Required action:
Line by line, return the listing exactly, without any of the images.

Data listing:
^^^^^^^^

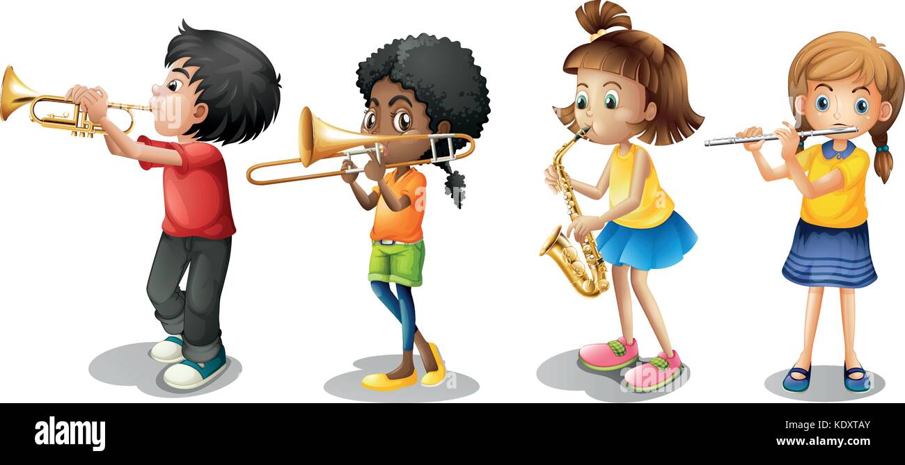 Cuatro Ninos En Una Musica Congriegan Los Ninos Que Tocan Los Instrumentos Musicales Persona Que Toca Diversos Instrumentos Mus Ilustracion Del Vector Ilustracion De Instrumentos Congriegan 122677050
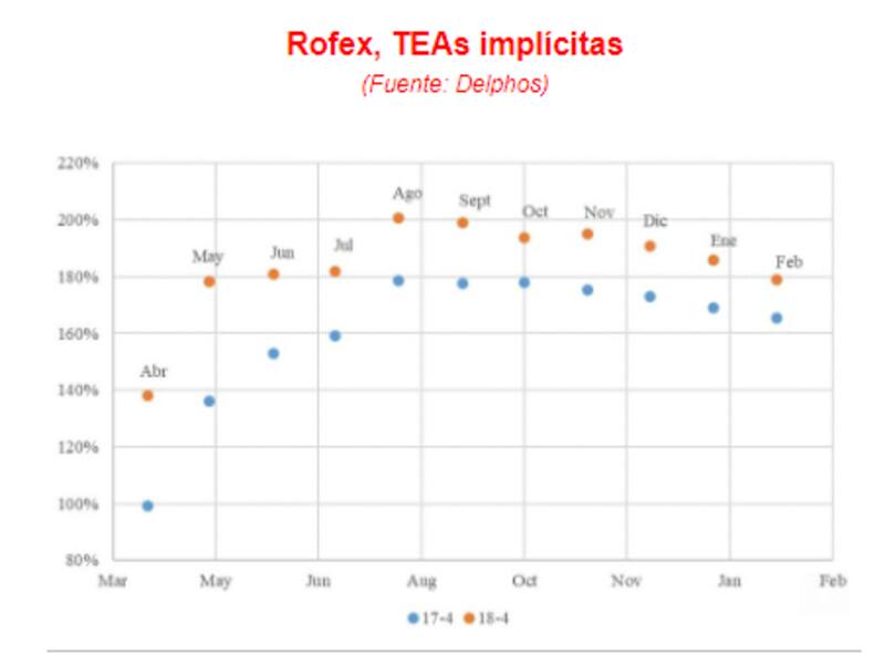 De hecho, en abril ya se espera una devaluación implícita de 106% (TNA), seguido de los plazos de entre mayo a julio, con tasas de entre 107% al 120%.
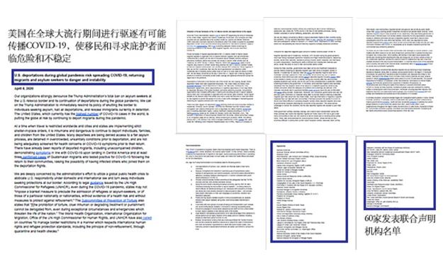 图为全球60家机构发表的谴责美国在疫情期间驱逐非法移民的联合声明
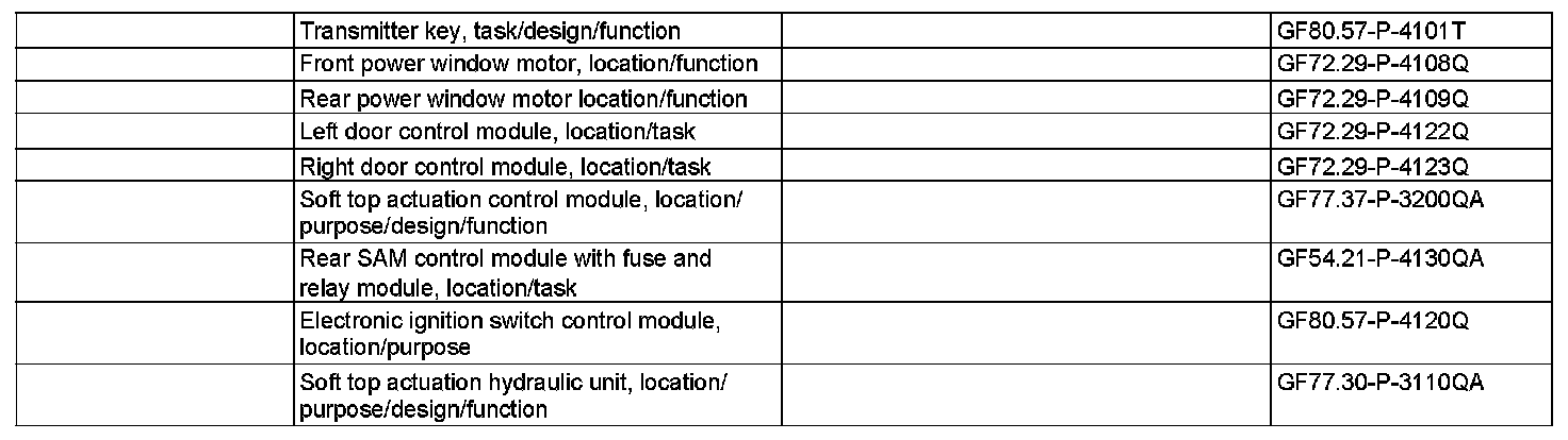 When the transmitter key (A8/1) is recognized the EIS control module (N73) transmits the request for "Closing" or "Opening" the window and the soft top to the left door control module (N69/1), t the right door control module (N69/2) and to the soft top actuation control module (N52) via the CAN class B bus.
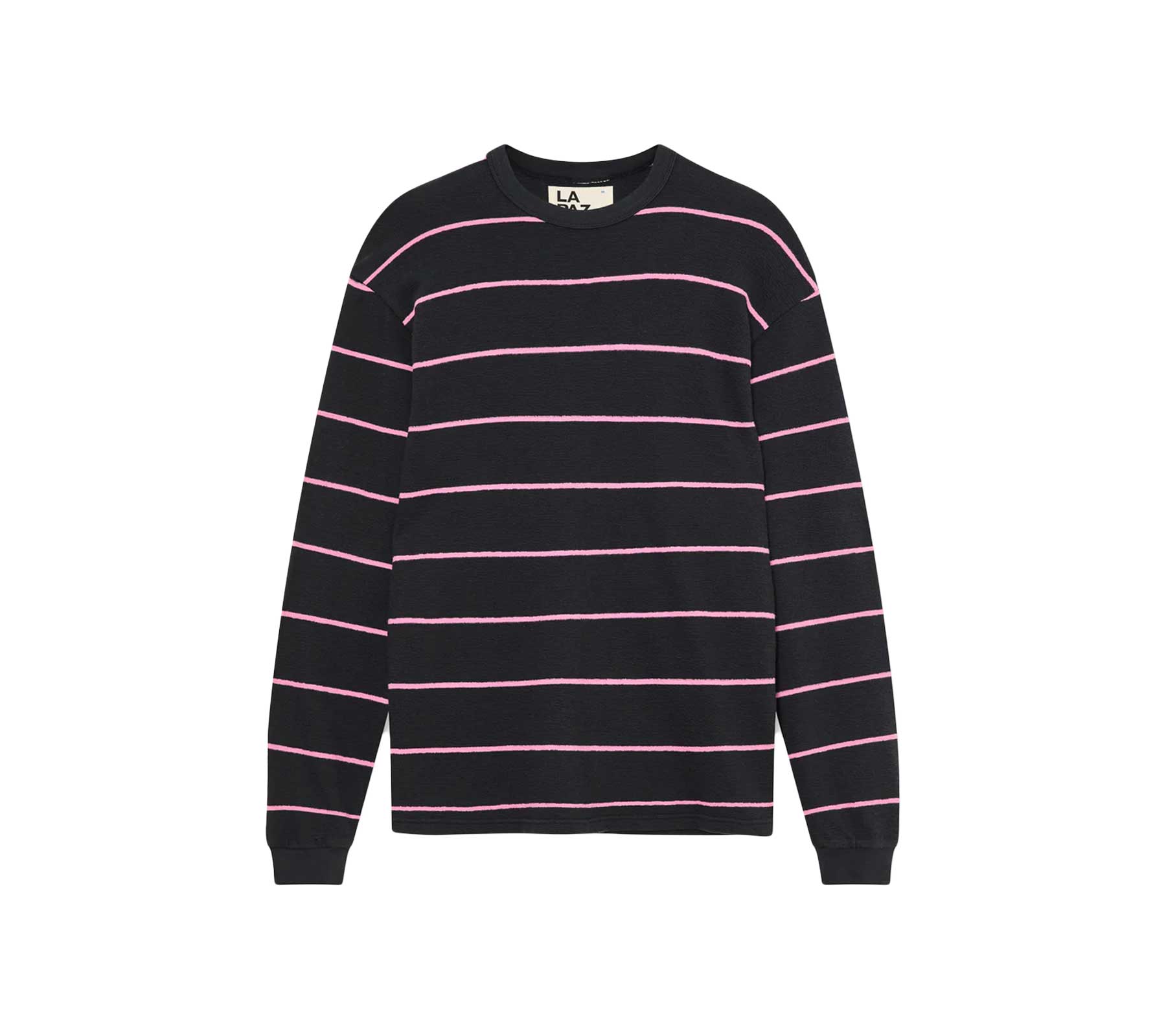 A clean-cut long sleeve t-shirt with a La Paz anchor logo. Not much more to say but you'll love it. Soft long sleeve terry with bubblegum pink stripes... a warm and playful layer for the changing seasons. Heavyweight 100% cotton fabric, regular fit, true to size and pre-washed to minimize shrinkage.
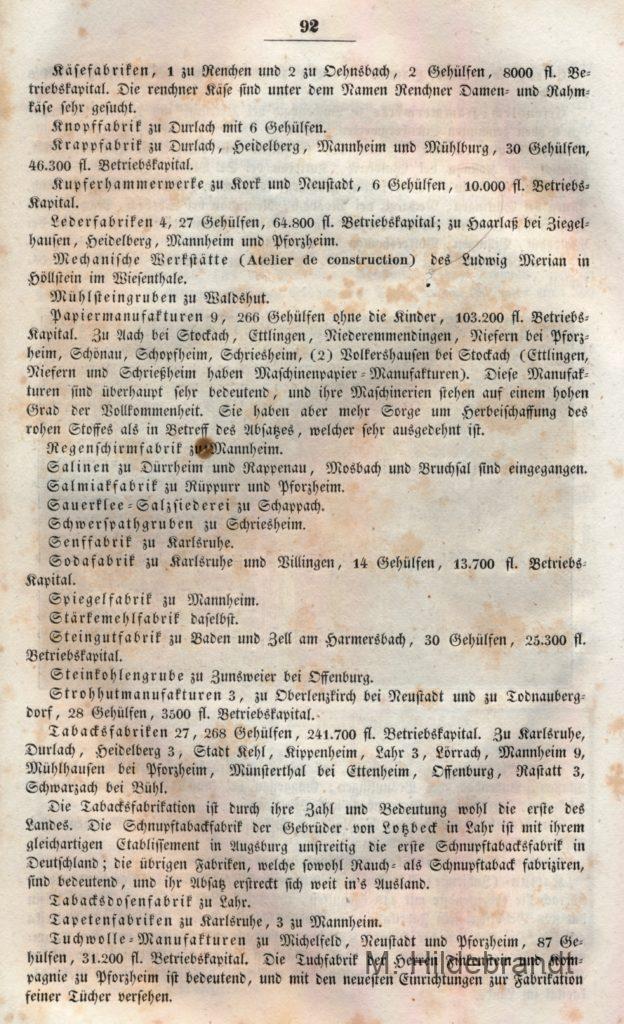 Großherzogthum Baden 1839 von A.J.W. Heunisch mit interessanten Orten und Handwerk im Schwarzwald
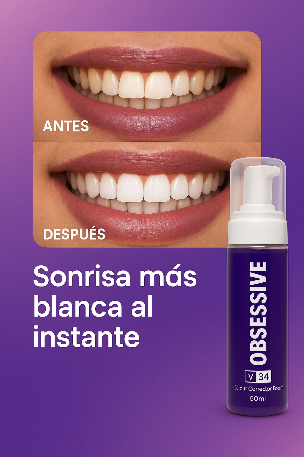 La pasta dental Obsessive V34 Purple neutraliza los tonos amarillos al instante gracias a su espuma morada correctora
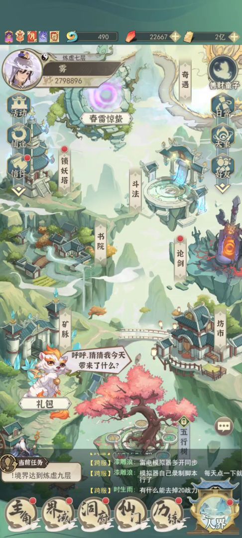 进游戏第一步就是把群里的礼包码领了,大概2.8万仙玉。这个仙玉很重要,不要乱花,前期做任务一路到元婴,注意金丹到元婴会卡一段时间锻体,这个时候你可以手动刷几次次元,练最高级的丹,或者你继续开后边的几个小号,第一天基本上能化神,如果你不想那么肝就放一天,第二天化神也不影响什么。
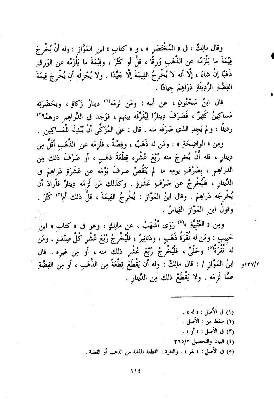 ومن "العُتْبِيَّة" روى أشهبُ، عن مالكٍ، وهو في "كتاب" ابنِ حبيبٍ: ومَن له نُقرةُ ذَهَبٍ، ودنانيرُ، فليُخرجْ رُبْعَ عُشرِ كل صنفٍ. ومَن له نقرةٌ وحَلْيٌ، فليُخرجْ ربع عشر ذلك منه، أو من غيره، قال ابن الْمَوَّاز: قال مالكٌ: وله أَنْ يقطع قطعةً من الذهبِ، أو من الفضةِ عمَّا لزمه، ولا يقطع ذلك من الدينار.

^^^^^^^^

Response area:
 Cuatro Ninos En Una Musica Congriegan Los Ninos Que Tocan Los Instrumentos Musicales Persona Que Toca Diversos Instrumentos Mus Ilustracion Del Vector Ilustracion De Instrumentos Congriegan 122677050
 De hecho, en abril ya se espera una devaluación implícita de 106% (TNA), seguido de los plazos de entre mayo a julio, con tasas de entre 107% al 120%.
 图为全球60家机构发表的谴责美国在疫情期间驱逐非法移民的联合声明
 When the transmitter key (A8/1) is recognized the EIS control module (N73) transmits the request for "Closing" or "Opening" the window and the soft top to the left door control module (N69/1), t the right door control module (N69/2) and to the soft top actuation control module (N52) via the CAN class B bus.
 A clean-cut long sleeve t-shirt with a La Paz anchor logo. Not much more to say but you'll love it. Soft long sleeve terry with bubblegum pink stripes... a warm and playful layer for the changing seasons. Heavyweight 100% cotton fabric, regular fit, true to size and pre-washed to minimize shrinkage.
 Großherzogthum Baden 1839 von A.J.W. Heunisch mit interessanten Orten und Handwerk im Schwarzwald
 La pasta dental Obsessive V34 Purple neutraliza los tonos amarillos al instante gracias a su espuma morada correctora
 进游戏第一步就是把群里的礼包码领了,大概2.8万仙玉。这个仙玉很重要,不要乱花,前期做任务一路到元婴,注意金丹到元婴会卡一段时间锻体,这个时候你可以手动刷几次次元,练最高级的丹,或者你继续开后边的几个小号,第一天基本上能化神,如果你不想那么肝就放一天,第二天化神也不影响什么。
 ومن "العُتْبِيَّة" روى أشهبُ، عن مالكٍ، وهو في "كتاب" ابنِ حبيبٍ: ومَن له نُقرةُ ذَهَبٍ، ودنانيرُ، فليُخرجْ رُبْعَ عُشرِ كل صنفٍ. ومَن له نقرةٌ وحَلْيٌ، فليُخرجْ ربع عشر ذلك منه، أو من غيره، قال ابن الْمَوَّاز: قال مالكٌ: وله أَنْ يقطع قطعةً من الذهبِ، أو من الفضةِ عمَّا لزمه، ولا يقطع ذلك من الدينار.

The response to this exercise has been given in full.